院內一時只剩寥寥數人,邱遇白站在邱文身後,看向他的目光帶著難以覺察的柔情。
“邱文,接著!”將手中三翎劍朝邱文拋去,那男孩眼疾手快的將劍接住。
雙手觸及三翎劍,邱文尚來不及歡喜,就被那沉重的力道壓塌,狼狽摔倒在地。
“……”邱遇白緊張地往前邁了半步,在觸及鳳盈的目光後退了回去。
“咳咳!”輕聲咳著,呼出的氣息將地上的塵土噴薄得滿臉都是。
沒等鳳盈開口,邱文兀自抱著三翎劍從地上爬了起來,再次紮好馬步,雙手託著三翎劍,額際青筋“突突”直冒。
三翎劍極重,尋常習武之人拿著只覺吃力,而邱文只是個入門級別的,連尋常的行列都排不上,只是他眼神堅定,哪怕手中的劍已經叫他雙手發顫,但他的腳依舊緊緊抓著地面,不叫自己過分動彈。

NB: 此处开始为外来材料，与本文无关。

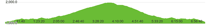 道は全体的に粘土質で滑りやすく、泥濘も多いので、雨や雨上がりの日は歩きにくいと思います。ただ勾配という点では平坦な部分が多くて歩きやすいです。時々急坂もありますが短い距離です。アップダウンもありますが、こちらもそこまで長い距離はありません。獲得標高1,300メートルで8時間コースですから、どちらかといえば水平移動の割合が高めのコースとなります。

接過尋靈遞上的茶盞,鳳盈就這麼閒適地坐在一旁,一手捻起糕點往嘴裡送。
她吃得極香,叫人光是看著就覺眼饞,邱文一個沒穩住,晃了神,再次直挺挺地摔在地上。
“鳳小姐!”眼看自己的兒子不到半刻鐘的時間便摔了兩次,衣袍被磨出了個口,也不知身上是否傷著,邱遇白有些看不下去了。
“邱公子可是覺得這糕點聞著甚香?”鳳盈忽的開口,拍拍自己身旁的座位道:“邱公子是貴客,若是想吃便不必客氣。”
“鳳小姐,文……”
“邱公子要是對這糕點不感興趣,鳳盈可以吩咐下面的人專門爲你做一份。”鳳盈冷不防打斷他的話,見邱文再次站起,她這才繼續咬著糕點觀看。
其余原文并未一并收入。